Labor Pains

7 09 2009

I confess that my heart was in my throat in the seconds that ticked down to the release of the job numbers. When they were released, neither the bulls nor the bears grabbed hold of the market. We had our typical “EKG” type madness, with a ten-point range covered within a span of a minute or two. As I’m typing this, the /ES is up 3, and who knows where it’ll be when you’re looking at it. Suffice it to say that we didn’t blast 30 points higher or lower on the news. It was – ironically – pretty much a non-event so far.

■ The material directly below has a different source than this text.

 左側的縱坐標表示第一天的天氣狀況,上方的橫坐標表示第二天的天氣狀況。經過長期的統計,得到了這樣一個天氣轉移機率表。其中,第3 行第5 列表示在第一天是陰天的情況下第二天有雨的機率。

It was also one of the very few times that I clicked on CNBC, and it didn’t take long before I clicked it off again. With an unemployment rate of 9.7% (which, we’ll all agree, is a kind estimate), the talking heads still found a way to say Gee It’s Not So Bad, much like a father would to a wayward son who produced a report card of all Fs, with the exception of a single, all-too-encouraging D-.

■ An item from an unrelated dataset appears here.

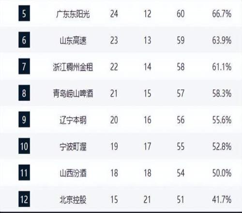 6-11名的球隊彼此僅相差1個勝場,競爭同樣白熱化。浙江稠州近期豪取6連勝,狀態(tài)神勇,不反超山東的可能。青島隊本輪被廣東逆轉,主帥劉維偉賽后怒斥外援,球隊內(nèi)部氛圍令人擔憂。遼寧本鋼則迎來兩連勝,大外援融入效果顯著,實力有所提升,下場對陣青島的比賽將是關鍵卡位戰(zhàn)。寧波町渥與山西汾酒均遭遇兩連敗,狀態(tài)起伏較大,寧波受限于硬實力,山西則面臨教練組執(zhí)教能力的質(zhì)疑。

Since I took on a big short position in GLD yesterday, I was more interested in the overnight activity of precious metals. It’s interesting to note that the gold futures contract had a “close, but no cigar!” moment yesterday trying to reach the fabled quadruple-digit level. As of this writing, it’s down about seven bucks.


Disqus Note! Leisa just emailed me that Disqus is having troubles again (which is the equivalent of saying Bill Clinton is looking lecherously at women again). I’ll try to hail them, but it’s still pitch-black early out here.